The remainder of this paper is organized as follows. Section 2 describes the related works. Section 3 introduces our problem and the data preprocessing process. Section 4 shows three components of our model. Section 5 shows the experimental setup, and Sect. 6 compares the estimate performance between our model and other methods on a real-world dataset. Section 7 presents the conclusion and future work.

2 Related Work

There are a large number of studies on the travel time estimation. Various models, such as models based on historical data, statistical models, Kalman Filtering models and models based on Deep Learning have been proposed [1]. Wall et al. [20] presented a model to predict the travel time based on historical average.
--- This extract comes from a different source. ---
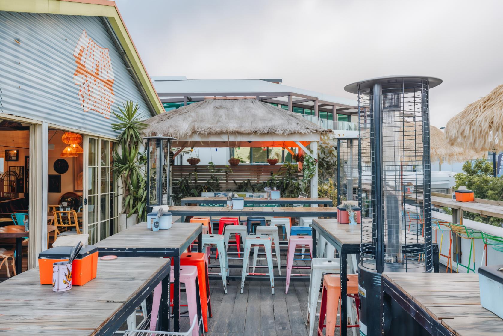 The Front Deck at Mumbo Jumbo’s Beachhouse boasts a relaxed, open-air setting with views overlooking the vibrant Terrigal Esplanade. Featuring thatched-roof accents, colorful stools, and rustic wooden tables, this space combines coastal charm with a laid-back, tropical vibe.

Chen et al. [7] used a dynamic model for bus travel time predicting. The model consists of two elements, an artificial neural network model and a Kalman Filter based model. Balasubramanian et al. [3] proposed a bus travel time prediction model which took the periodicity of data into consideration and it also used the real-time bus information to improve the prediction accuracy.
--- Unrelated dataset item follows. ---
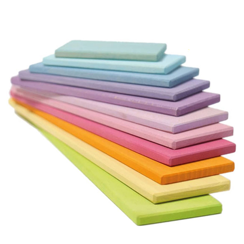 「グリムス パステル ビルディングボード」は、グリムスらしい色鮮やかな木製玩具です。「虹色トンネル ラージ」と互換性のある長方形のボードです。お子さまの想像力で遊び方はいろいろ広がります。

There are some researches on bus travel time prediction based on deep learning. The followings describe the travel time prediction methods for taxis or private cars used deep learning. Existing solutions could be divided into two categories, route-based methods and OD-based methods [19]. The former predicts the travel time with path route given and the latter predicts the travel time only with the origin and destination given.
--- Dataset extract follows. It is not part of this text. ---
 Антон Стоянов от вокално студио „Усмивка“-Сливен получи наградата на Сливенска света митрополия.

Route-based methods [2, 17] can be categorized as segment-based methods and sub-path-based methods. Segment-based methods treat a path as a sequence of independent road segments and then predict the travel time of each segment individually. Segment-based methods ignore the correlation between segments and it will accumulate the prediction error of each segment, which leads to inaccurate predictions. Different from segment-based methods, sub-path-based methods consider the correlation between different segments and treat a path as a set of sub-paths. For example, Zhang et al. [24] proposed a method called DEEPTRAVEL to predict the travel time based on neural network with auxiliary supervision, which used dual interval loss mechanism to optimize loss function both forward and backward. Duan et al. [8] and Liu et al. [16] predicted the travel time based on LSTM, and the results showed that LSTM has a great ability on capturing the temporal dependencies of temporal sequences. However, these two methods didn’t consider the influence of weather and other external factors, so they are limited in improving the accuracy of travel time prediction.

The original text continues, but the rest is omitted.